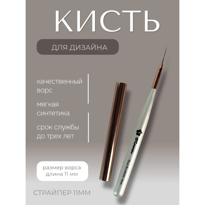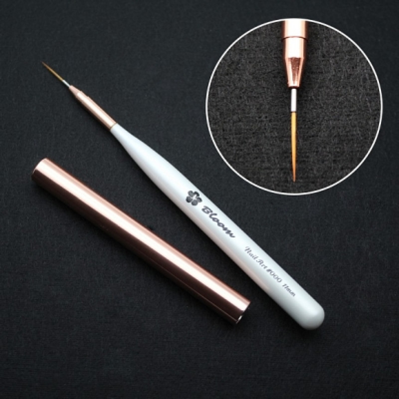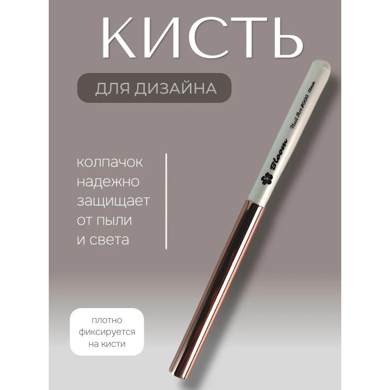 Кисть Bloom для маникюра Страйпер №00 (11 мм) с деревянной ручкой и металлическим колпачком. Искусственный ворс коричневого цвета обладает средне-мягкой жесткостью.
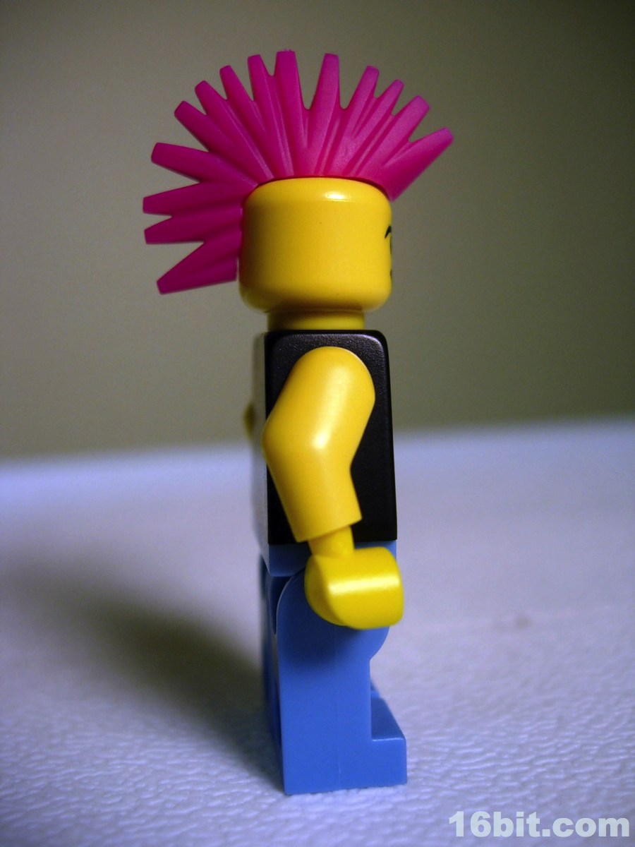 The Punk Rocker as a LEGO figure says a lot about our culture. At one point, the kids with the crazy hair held up by glue and safety pins in their noses and loud music were scary outliers and are now cuddly mascots or worse-- it's "retro." The punks have been afforded a degree of respect that the hippies haven't been given culturally, but both have probably evolved to a point that would make their respective founders vomit. Where was I? Right, LEGO figures.
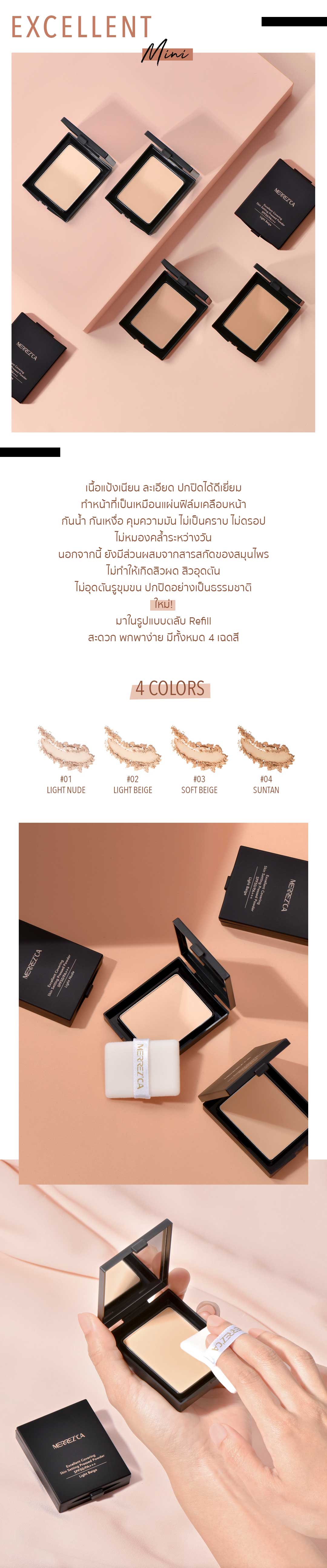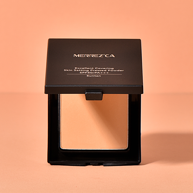 Merrezca Excellent Coveing Skin Setting Pressed Powder SPF50/PA+++ แป้งผสมรองพื้นอัดแข็ง เนื้อนุ่มละเอียดปกปิดได้ถึงระดับ Full-coverage ติดทนกันน้ำกันเหงื่อ และให้ผิวที่เรียบเนียนเป็นธรรมชาติไม่หมองคล้ำและสีไม่ดรอประหว่างวัน อีกทั้งยังช่วยคุมมันได้ดี สามารถเติมได้ตลอดหากต้องการโดยไม่ต้องกังวลเรื่องการอุดตันเพราะมีส่วนผสมจากสารสกัดของสมุนไพร ไม่ทำให้เกิดการระคายเคืองรูขุมขน รวมถึงมีส่วนผสมของ CHAMOMILLA RECUTITA FLOWER EXTRACT หรือสารสกัดจากดอกคาโมไมล์ ที่จะช่วยปลอบประโลมผิว จากการอักเสบจากสิว อีกทั้งยังยังมี ROSA CENTIFOLIA FLOWER EXTRACT สารสกัดจากกุหลาบ ตัวช่วยในเรื่องลดริ้วรอย รวมถึงชะลอการเสื่อมสภาพของเซลล์ผิว และยังช่วยปกป้องผิวของคุณจากแสงแดดด้วย SPF 50/PA+++ มีให้เลือก 4 เฉดสี
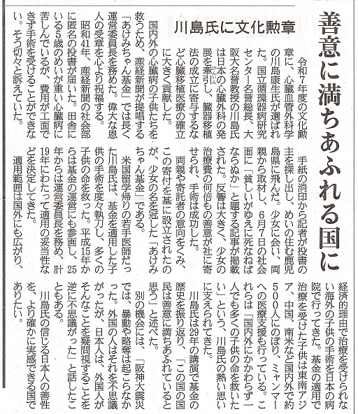 | 神戸新聞 2020年7月2日 ”風が奏でる命の賛歌” 高8期 新宮 晋 氏 |
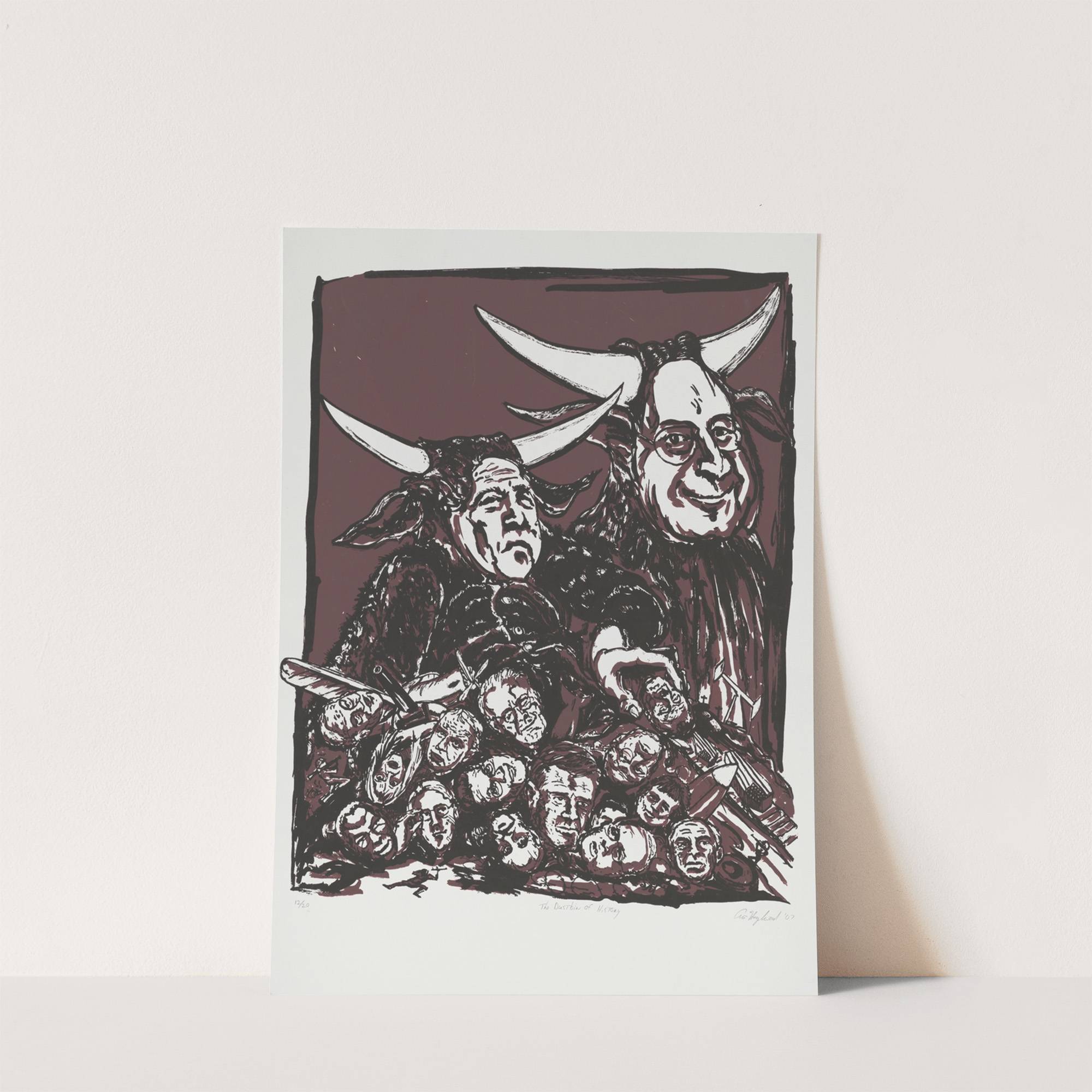 This striking print by artist Art Hazelwood titled "The Dustbin of History" features a powerful monochromatic scene rendered in deep black and white against a rich maroon background. Dominating the composition are two prominent figures: one with large, curved horns...

_ _ _ _ _

TRY IT: Omit the pictures and print the listing exactly.

EXERCISE ANSWER:
 Кисть Bloom для маникюра Страйпер №00 (11 мм) с деревянной ручкой и металлическим колпачком. Искусственный ворс коричневого цвета обладает средне-мягкой жесткостью.
 The Punk Rocker as a LEGO figure says a lot about our culture. At one point, the kids with the crazy hair held up by glue and safety pins in their noses and loud music were scary outliers and are now cuddly mascots or worse-- it's "retro." The punks have been afforded a degree of respect that the hippies haven't been given culturally, but both have probably evolved to a point that would make their respective founders vomit. Where was I? Right, LEGO figures.
 Merrezca Excellent Coveing Skin Setting Pressed Powder SPF50/PA+++ แป้งผสมรองพื้นอัดแข็ง เนื้อนุ่มละเอียดปกปิดได้ถึงระดับ Full-coverage ติดทนกันน้ำกันเหงื่อ และให้ผิวที่เรียบเนียนเป็นธรรมชาติไม่หมองคล้ำและสีไม่ดรอประหว่างวัน อีกทั้งยังช่วยคุมมันได้ดี สามารถเติมได้ตลอดหากต้องการโดยไม่ต้องกังวลเรื่องการอุดตันเพราะมีส่วนผสมจากสารสกัดของสมุนไพร ไม่ทำให้เกิดการระคายเคืองรูขุมขน รวมถึงมีส่วนผสมของ CHAMOMILLA RECUTITA FLOWER EXTRACT หรือสารสกัดจากดอกคาโมไมล์ ที่จะช่วยปลอบประโลมผิว จากการอักเสบจากสิว อีกทั้งยังยังมี ROSA CENTIFOLIA FLOWER EXTRACT สารสกัดจากกุหลาบ ตัวช่วยในเรื่องลดริ้วรอย รวมถึงชะลอการเสื่อมสภาพของเซลล์ผิว และยังช่วยปกป้องผิวของคุณจากแสงแดดด้วย SPF 50/PA+++ มีให้เลือก 4 เฉดสี
 | 神戸新聞 2020年7月2日 ”風が奏でる命の賛歌” 高8期 新宮 晋 氏 |
 This striking print by artist Art Hazelwood titled "The Dustbin of History" features a powerful monochromatic scene rendered in deep black and white against a rich maroon background. Dominating the composition are two prominent figures: one with large, curved horns...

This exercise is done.